> **GIVEN INFORMATION**
:::
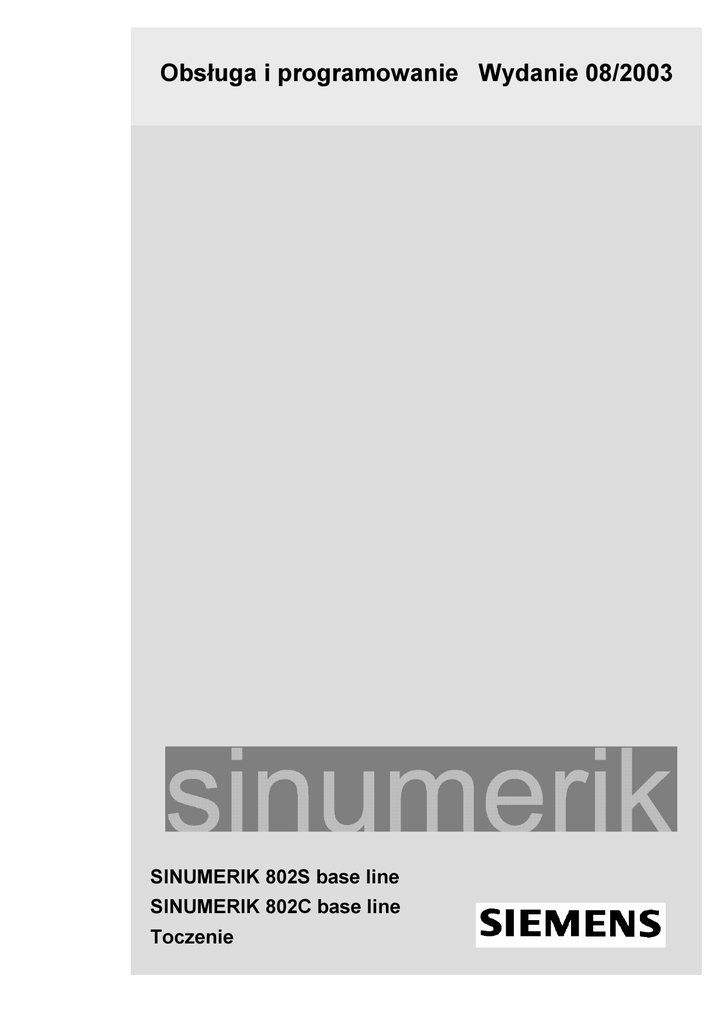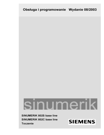 Obsługa i programowanie Wydanie 08/2003 SINUMERIK 802S base line SINUMERIK 802C base line Toczenie SINUMERIK 802S base line SINUMERIK 802C base line Obsługa i programowanie Toczenie Podręcznik uŜytkownika Podręcznik programowania Obowiązuje dla Sterowanie Wersja oprogramowania SINUMERIK 802S 4 SINUMERIK 802C 4 Wydanie 08.2003 Wprowadzenie 1 Włączenie i bazowanie do punktu odniesienia 2 Ustawianie 3 Praca ze sterowaniem ręcznym 4 Praca automatyczna 5 Programowanie obróbki 6 Usługi i diagnoza 7 Programowanie 8 Dokumentacja SINUMERIK ® Klucz wydań Przed niniejszym wydaniem ukazały się wydania wymienione niŜej. W kolumnie „Uwagi” zaznaczono literami, jaki status mają wydania dotychczasowe. Oznaczenie statusu w kolumnie „Uwagi”: A .... Nowa dokumentacja B .... Niezmieniony dodruk z nowym numerem zamówieniowym C .... Zmieniona wersja jako nowe wydanie. JeŜeli przedstawiony na stronie techniczny stan rzeczy zmienił się w stosunku do wydania poprzedniego, jest to sygnalizowane przez zmienione wydanie w nagłówku danej strony Wydanie 02.99 04.00 01.02 08.03 Nr zamówieniowy 6FC5 598-2AA00-0AP1 6FC5 598-3AA00-0AP1 6FC5 598-3AA00-0AP2 6FC5 598-4AA01-0AP0 Uwagi A A C A Marki SIMATIC®, SIMATIC HMI®, SIMATIC NET®, SIROTEC®, SINUMERIK® i SIMODRIVE® są zarejestrowanymi znakami towarowymi SIEMENS AG. Pozostałe określenia uŜyte w niniejszej dokumentacji mogą być znakami towarowymi, których uŜywanie przez strony trzecie do swoich celów moŜe naruszać prawa właścicieli. Wykluczenie odpowiedzialności Copyright Siemens AG 2003. Wszelkie prawa zastrzeŜone Przekazywanie jak teŜ powielanie niniejszej dokumentacji, spoŜytkowywanie jej i informowanie o jej treści jest niedozwolone, o ile nie wyraŜono na to wyraźnej zgody. Naruszenia zobowiązują do rekompensaty szkód. Wszystkie prawa zastrzeŜone, w szczególności na wypadek udzielenia patentu albo zarejestrowania wzoru uŜytkowego. Sprawdziliśmy treść dokumentacji na zgodność z opisanym sprzętem i oprogramowaniem. Mimo to rozbieŜności nie moŜna wykluczyć, tak Ŝe nie moŜemy zagwarantować pełnej zgodności. Dane w niniejszej dokumentacji są regularnie sprawdzane a niezbędne korekty są zawierane w kolejnych wydaniach. Za propozycje korekt będziemy wdzięczni. Zmiany techniczne zastrzeŜone © Siemens AG 2003 Wszelkie prawa zastrzeŜone Nr zamówieniowy 6FC5 598-4AA11-0AP0 Siemens Sp. z o.o. Wskazówki techniczne dotyczące bezpieczeństwa Niniejszy podręcznik zawiera wskazówki, których musicie przestrzegać dla swojego bezpieczeństwa jak teŜ w celu uniknięcia szkód rzeczowych. Wskazówki są uwidocznione trójkątem ostrzegawczym i w zaleŜności od stopnia zagroŜenia przedstawione następująco: Niebezpieczeństwo oznacza, Ŝe nastąpi śmierć, cięŜkie uszkodzenie ciała albo znaczna szkoda rzeczowa, gdy odpowiednie środki ostroŜności nie zostaną podjęte. OstrzeŜenie oznacza, Ŝe grozi śmierć, cięŜkie uszkodzenie ciała albo znaczna szkoda rzeczowa, gdy odpowiednie środki ostroŜności nie zostaną podjęte. OstroŜnie oznacza, Ŝe moŜe nastąpić lekkie uszkodzenie ciała albo szkoda rzeczowa, gdy odpowiednie środki ostroŜności nie zostaną podjęte. OstroŜnie bez trójkąta ostrzegawczego oznacza, Ŝe moŜe nastąpić szkoda rzeczowa, gdy odpowiednie środki ostroŜności nie zostaną podjęte. Wskazówka jest waŜną informacją o produkcie, obchodzeniu się z nim albo tej części dokumentacji, na którą ma być zwrócona szczególna uwaga. Personel kwalifikowany Uruchomienie urządzenia i pracę z nim wolno jest prowadzić tylko personelowi wykwalifikowanemu. Personel wykwalifikowany w rozumieniu dotyczących bezpieczeństwa wskazówek zawartych w niniejszym podręczniku są to osoby, które są uprawnione do uruchamiania, uziemiania i oznakowywania urządzeń, systemów i obwodów prądu według standardów techniki bezpieczeństwa. UŜycie zgodnie z przeznaczeniem Przestrzegajcie co następuje: OstrzeŜenie Urządzenia wolno jest uŜywać tylko zastosowań przewidzianych w katalogu i w opisie technicznym i tylko w połączeniu z zalecanymi wzgl. dopuszczonymi przez firmę Siemens urządzeniami i komponentami obcymi. Nienaganna i bezpieczna praca produktu zakłada jego naleŜyty transport, naleŜyte magazynowanie jak teŜ staranną obsługę i konserwację. SINUMERIK 802S/802C base line 6FC5 598-4AA01-0AP0 (03.08) (BP-D) V Treść Treść 1 2 3 4 SINUMERIK 802S base line płaski pulpit obsługi OP ....................................VI Wprowadzenie ..........................................................................................................1-11 1.1 Podział ekranu.............................................................................................1-11 1.2 Zakresy czynności obsługowych ..................................................................1-14 1.3 Przegląd najwaŜniejszych funkcji przycisków programowanych....................1-15 1.4 Kalkulator ....................................................................................................1-16 1.5 Układy współrzędnych .................................................................................1-20 Włączenie i bazowanie do punktu odniesienia .......................................................2-23 Ustawianie ................................................................................................................3-25 3.1 3.1.1 3.1.2 3.1.3 3.2 3.2.1 3.3 3.4 Wprowadzenie narzędzi i ich korekcji...........................................................3-25 Utworzenie nowego narzędzia .....................................................................3-26 Dane korekcyjne narzędzia..........................................................................3-27 Określenie korekcji narzędzia ......................................................................3-28 Wprowadzenie / zmiana przesunięcia punktu zerowego...............................3-30
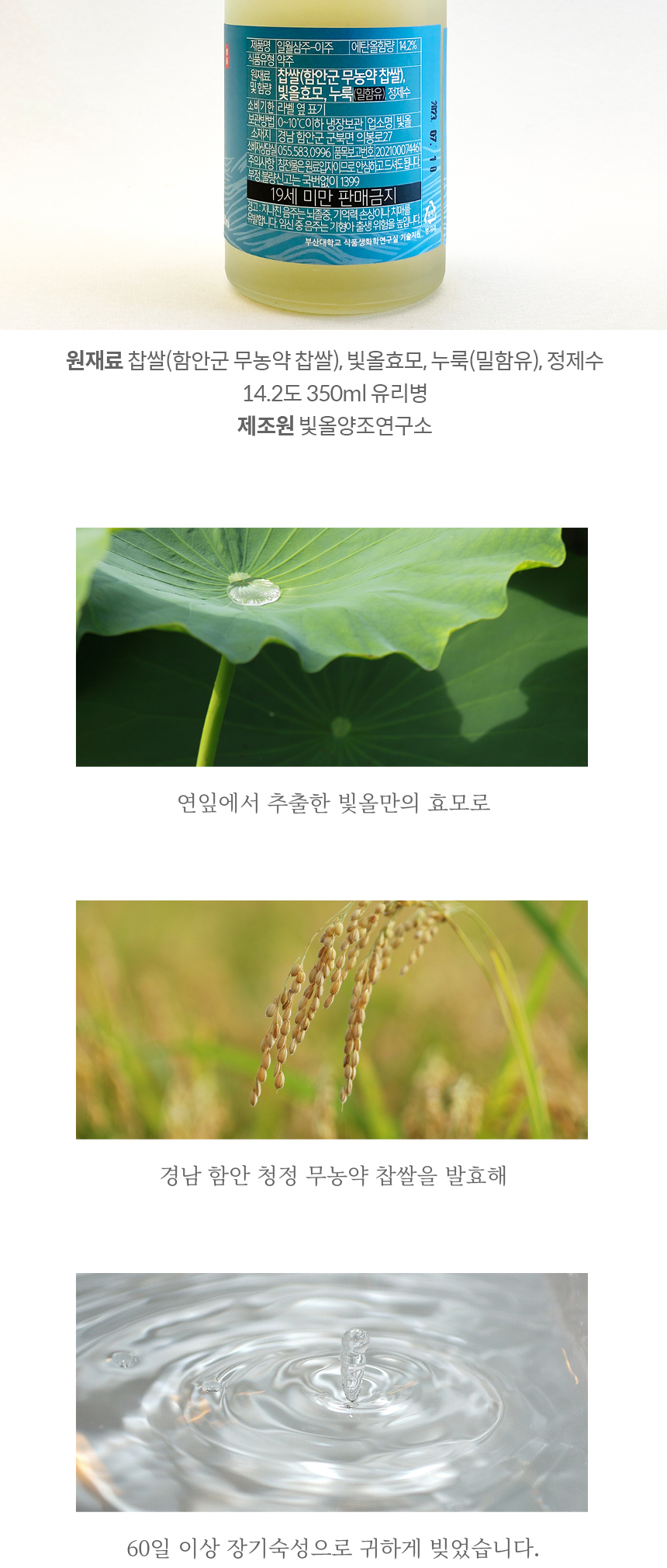 직접 배양한 빛올효모 만의 풍만한 산미와 균형잡힌 맛과 향, 경남 함안 친환경 찹쌀로 만든 순곡주
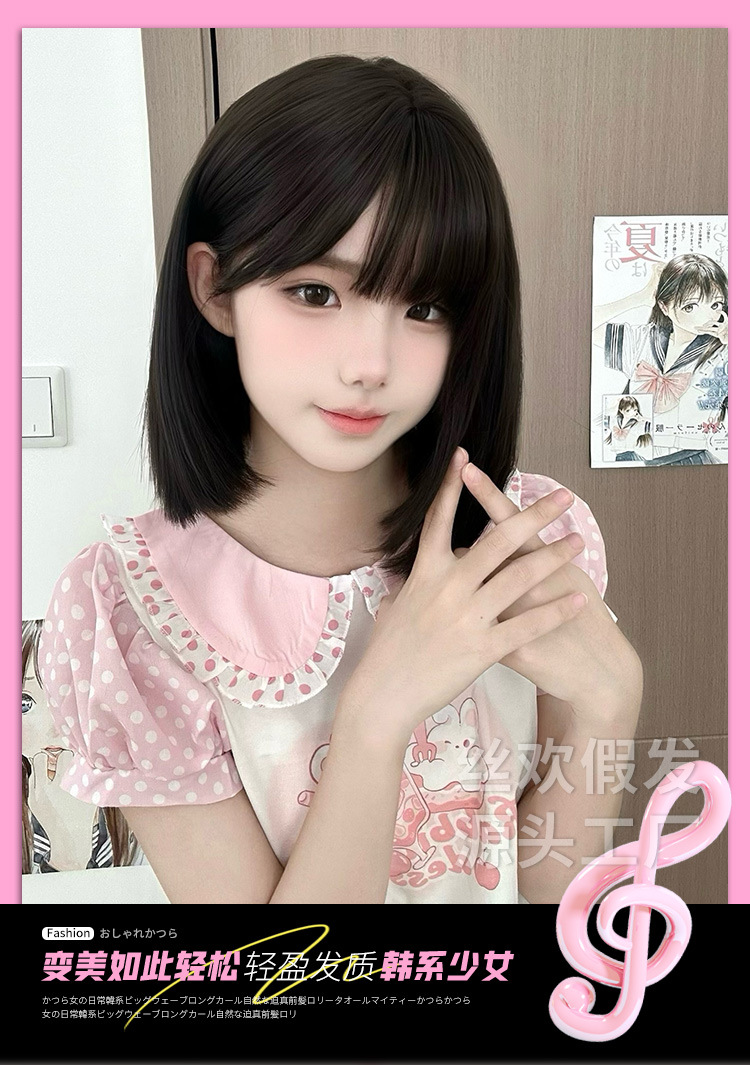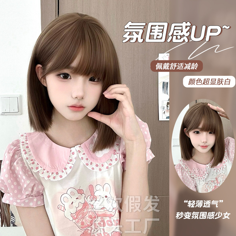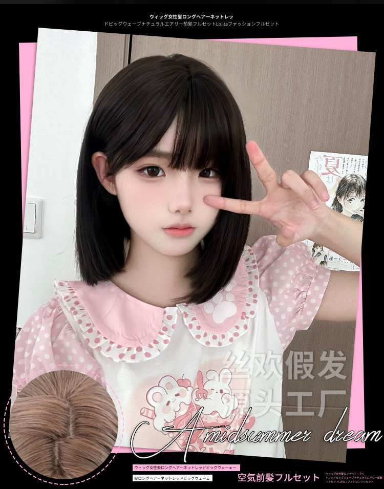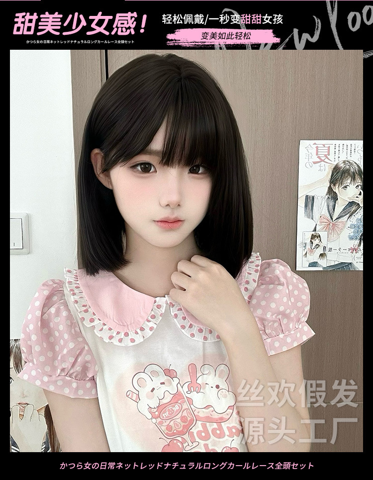 糸歓クロスボーダーかつら女性日常ショートヘアネット赤新作lolita自然にリアルな夏の甘いjk全頭カバー
:::
> **EXERCISE**
Write out exactly the lines running from the one with "직접 배양한 빛올효모" through the end of the material, both ends included, while leaving the pictures out.

> **ANSWER FOR THIS EXERCISE**
 직접 배양한 빛올효모 만의 풍만한 산미와 균형잡힌 맛과 향, 경남 함안 친환경 찹쌀로 만든 순곡주
 糸歓クロスボーダーかつら女性日常ショートヘアネット赤新作lolita自然にリアルな夏の甘いjk全頭カバー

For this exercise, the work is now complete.